Figure 1: A figure from Alex Graves. Generating Sequences With Recurrent Neural Networks, showing the effect of sampling bias on handwriting. Notice that increasing bias is decreasing temperature, i.e. the most regular samples have the lowest temp.

Results

I wondered if the same might be true for audio as well. So I implemented sampling temperature in WaveRNN (the code is in the Ambisynth Private Repository). I took the two best single-class models and sampled them at a variety of temperatures.

temp beach park
1.5
1.4
1.3
1.2
1.1
1.05
1.0
0.95
0.9
0.8
0.7
0.6
0.5

Example 2: Two Wave-RNN Individual models sampled at a variety of temperatures.

Observations

In both models, the best sounds have a temperature close to 1. It seems like lower temperature (more probable) sequences sound more like a noise profile, and raising the temperature introduces more foreground-like sounds. In the park case, it sounds to me like lower temp is more traffic-like sounds, and higher temp introduces more bird and twig sounds. In the case of beach, it sounds like wind transitions to water with increasing temp.

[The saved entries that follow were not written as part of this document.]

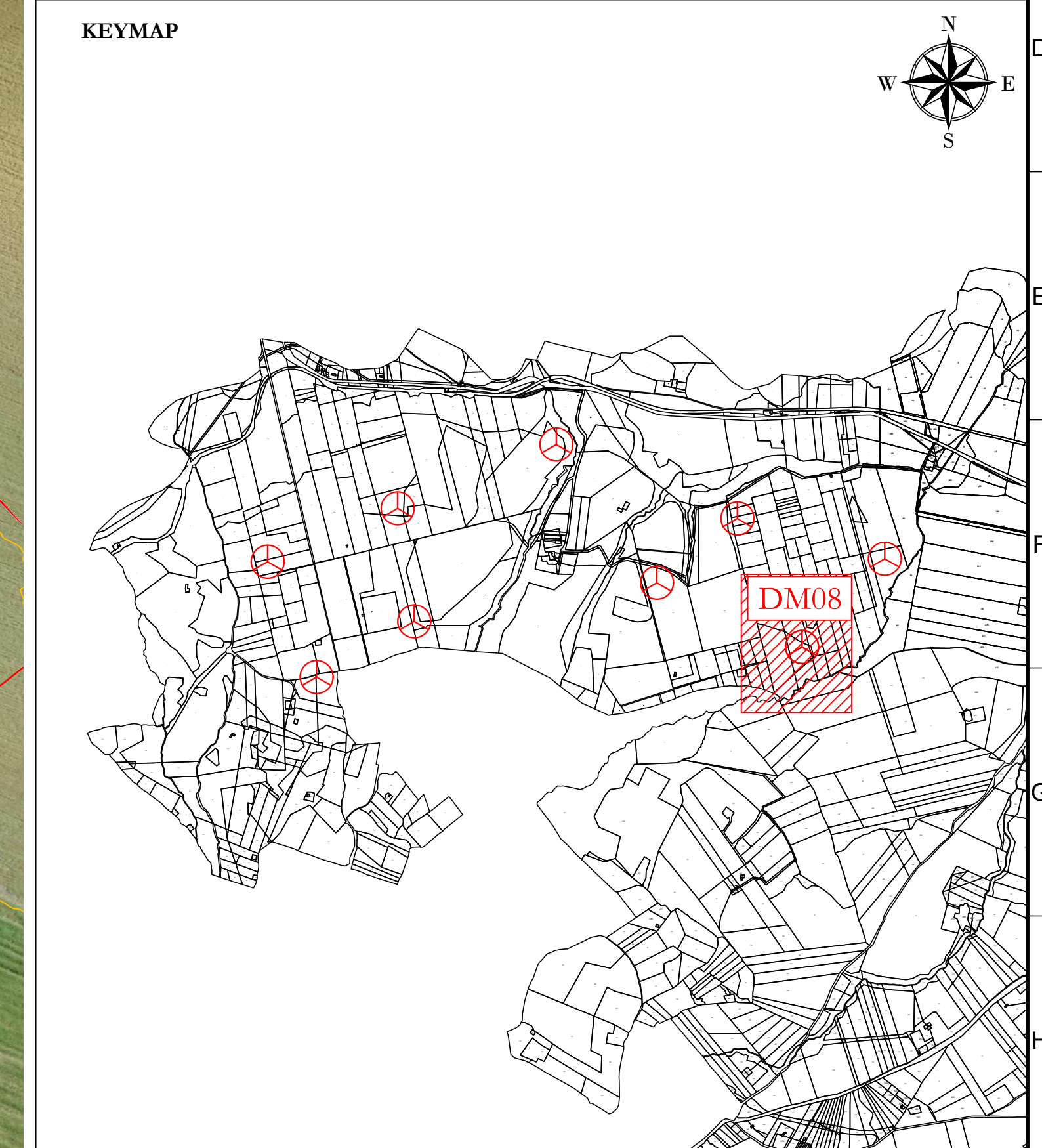
Profilo: Profilo Tracciato DM08 1 di 2 Q.Rif. : 340.00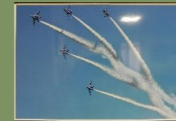
「チェンジ・オーバー・ターン」

※照明が映り込んでしまい、うまくご紹介できず申し訳ありません。ぜひ実物をご覧ください!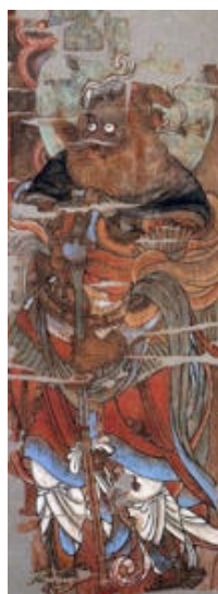
ภาพที่ 5 วิรูปักษ์ (Komokuten) (ตะวันตก)

ที่มา: https://www.onmarkproductions.com/html ที่มา: https://www.onmarkproductions.com/html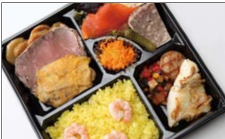
洋食弁当「フレンチバリエーション」 2,100円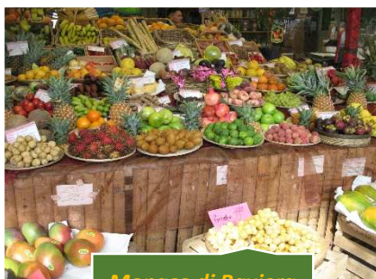
Monaco di Baviera

Ci allontaniamo di poco da questa splendida piazza per andare a visitare il Viktualienmarkt , che è il più famoso mercato di Monaco, in funzione da oltre due secoli, ed è uno dei pochi mercati della città ad essere aperto dal Lunedì al Sabato. Durante la seconda guerra mondiale ci furono molti bombardamenti su Monaco e anche l'area del mercato subì notevoli danni ma già negli anni '50 il Viktualienmarkt tornò a rifiorire e venne arricchito di piccole e graziose fontane sparse qua e là tra i diversi banchi a ricordo di alcuni tra i più amati esponenti del cinema e del teatro popolare bavarese. Oggi il Viktualienmarkt non si presenta come un comune mercato rionale ma come una sorta di grande negozio all'aperto, con banchi ordinati, tutti rigorosamente di colore verde scuro; l'area su cui si estende il mercato è di 22.000 m 2 mentre il numero dei negozianti presenti è 140. Per chiudere in bellezza la visita consiglio vivamente una sosta nel grande Biergarten, il caratteristico giardino della birra ai piedi del Maibaum, il colorato albero del 1 maggio.

In another example, not shown here, I had a poorly-trained park model where the squeaky bird like sound was relatively persistent. Decreasing the temperature caused the whole network to oscillate and whistle, similar to some of the the SampeRNN cafe sounds. In retrospect, those sounds were sampled with a lower temperature, so maybe that was the cause of the oscillation there. (More results on that soon).

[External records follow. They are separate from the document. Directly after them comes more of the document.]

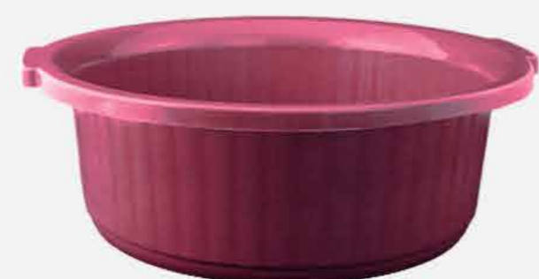
BACIA Nº 20 COLOR REF. 571 EMB. 12 UNIDADES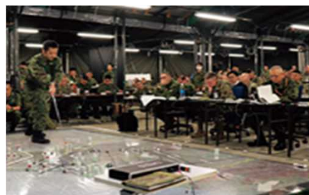
机上訓練（指揮機関訓練）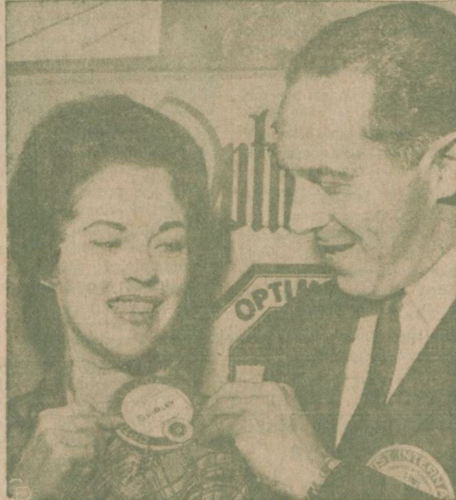
PROWADZI KAMPANIĘ — Shirley Temple Black, republikańska kandydatka do Kongresu podczas specjalnych wyborów uzupełniających, otrzymuje od dra Kenneth C. Stergion w San Mateo, California — guzik Klubu Optymistycznego po przemówieniu do członków tego klubu. Jej kampania polega przeważnie na wygłaszaniu 10 i 15 minutowych przemówień na nieformalnych zebraniach gospodyń i byznesmanów.

I don't think adjusting temperature will make a bad model sound good. However, with a good-sounding model, it might allow us to manipulate the output in a desirable way letting us control the amount of foreground texture in a sound.

Future Work

The other sampling technique Alex Graves talks about is priming. I implemented that in WaveRNN, but I have not yet had a chance to explore in a very detailed way how it affects the output.